客服微信
本文为云贝教育 刘峰 原创,请尊重知识产权,转发请注明出处,不接受任何抄袭、演绎和未经注明出处的转载。
外部表允许 Oracle 查询存储在数据库外部平面文件中的数据。 ORACLE_LOADER 驱动程序可用于访问以任何格式存储,主要由 SQL*Loader 和DUMP加载的数据。不能对外部表执行 DML,但它们可以用于查询、联接和排序操作。可以针对外部表创建视图和同义词。它们在数据仓库的 ETL 过程中非常有用,因为数据不需要暂存并且可以并行查询。它们不应该用于频繁查询的表。
创建一个指向文件位置的目录对象。
mkdir -p /home/oracle/loader_dir CREATE OR REPLACE DIRECTORY ext_tab_data AS '/home/oracle/loader_dir'; grant read,write on directory ext_tab_data to public;
目标数据如下
#Countries1.txt ENG,England,English SCO,Scotland,English IRE,Ireland,English WAL,Wales,Welsh #Countries2.txt FRA,France,French GER,Germany,German USA,Unites States of America,English
使用 CREATE TABLE..ORGANIZATION EXTERNAL 语法创建外部表。这定义了表的元数据,描述它应该如何显示以及如何加载数据。

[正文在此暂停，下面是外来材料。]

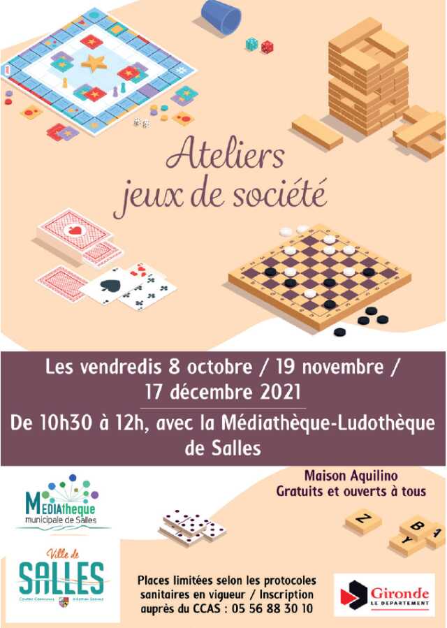 Le CCAS de Salles organise, en collaboration avec la médiathèque-ludothèque, un atelier jeux de société le vendredi 8 octobre de 10h30 à 12h, à la maison Aquilino.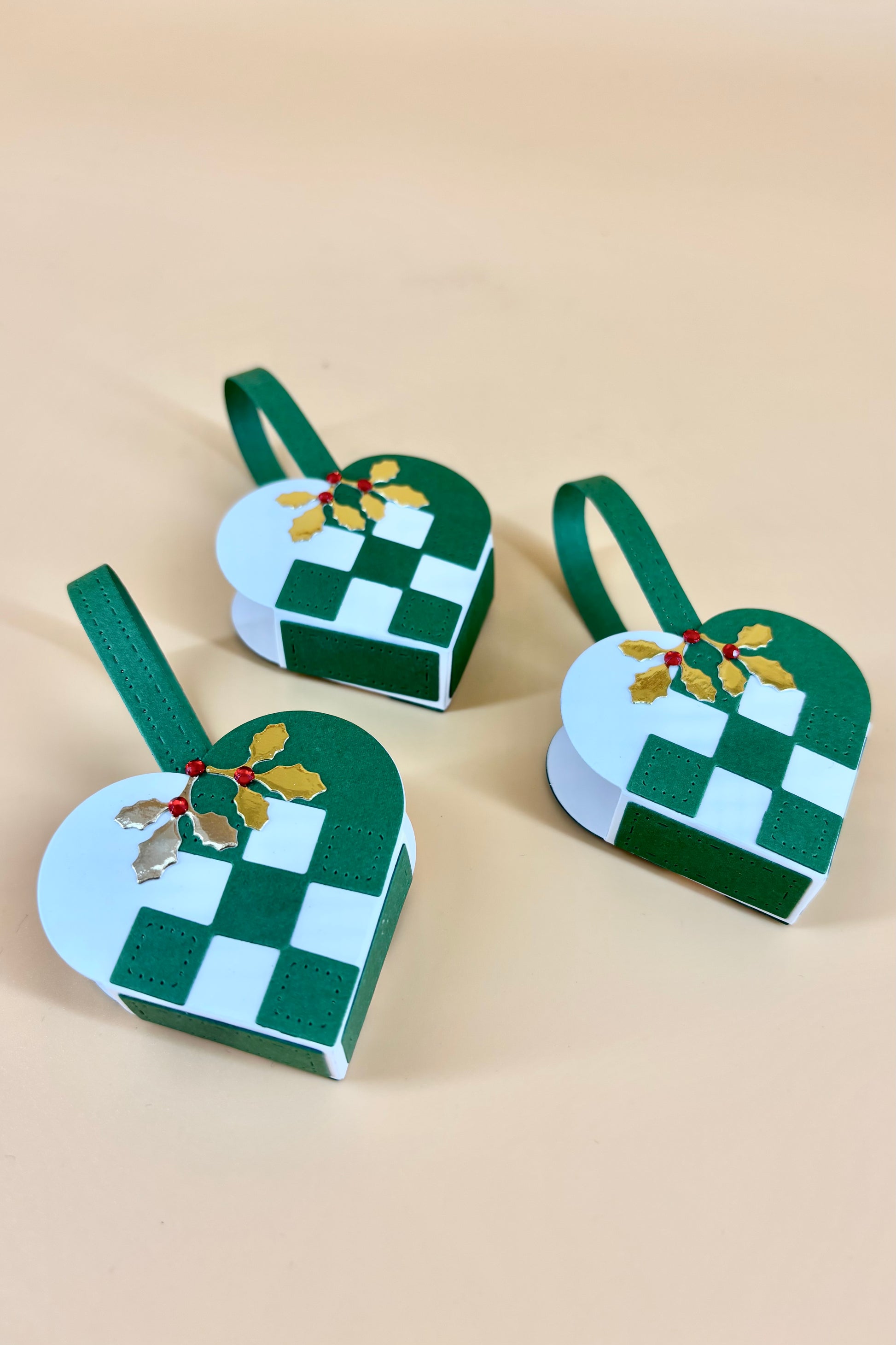 Smukke håndlavede julehjerter i klassisk dansk design. Hvert hjerte er 6 cm bredt og fremstillet i kraftigt karton med fine detaljer. Perfekte til at hænge på juletræet eller bruge som pynt på gaver. Sælges i sæt med 3 stk., så du nemt kan skabe hyggelig og stilfuld julestemning.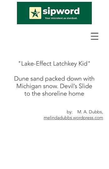 My haiku, “Lake-Effect Latchkey Kid”, was published on micro-text site sipword. For those unfamiliar with the site, sipword publishes micro pieces of verse or prose (less than 300 words) for only 24 hours. sipword also offers a great payment rate of $10 for your piece. Check them out and consider submitting your own work: https://www.sipword.com/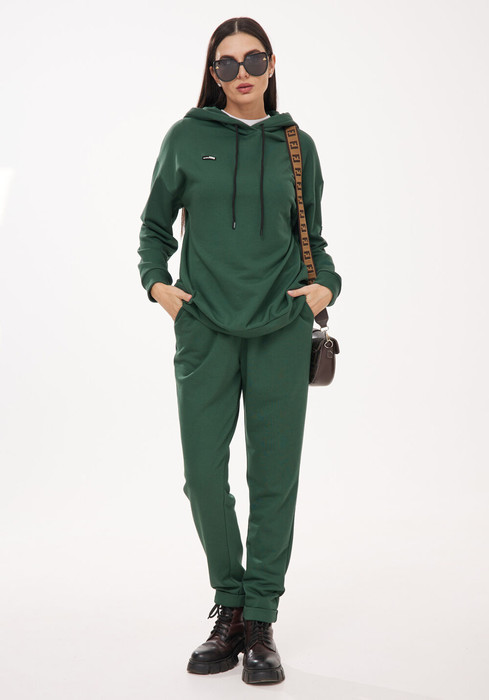 Костюм двойка включает в себя брюки с цельнокроенной манжетой и удлиненного худи с капюшоном.

CREATE TABLE countries_ext ( country_code VARCHAR2(5), country_name VARCHAR2(50), country_language VARCHAR2(50) ) ORGANIZATION EXTERNAL ( TYPE ORACLE_LOADER DEFAULT DIRECTORY ext_tab_data ACCESS PARAMETERS ( RECORDS DELIMITED BY NEWLINE FIELDS TERMINATED BY ',' MISSING FIELD VALUES ARE NULL ( country_code CHAR(5), country_name CHAR(50), country_language CHAR(50) ) ) LOCATION ('Countries1.txt','Countries2.txt') ) PARALLEL 4 REJECT LIMIT UNLIMITED;
外部表创建后,就可以像普通表一样进行查询。
SELECT * FROM countries_ext ORDER BY country_name; COUNT COUNTRY_NAME COUNTRY_LANGUAGE ----- ---------------------------- ----------------------------- ENG England English FRA France French GER Germany German IRE Ireland English SCO Scotland English USA Unites States of America English WAL Wales Welsh 7 rows selected.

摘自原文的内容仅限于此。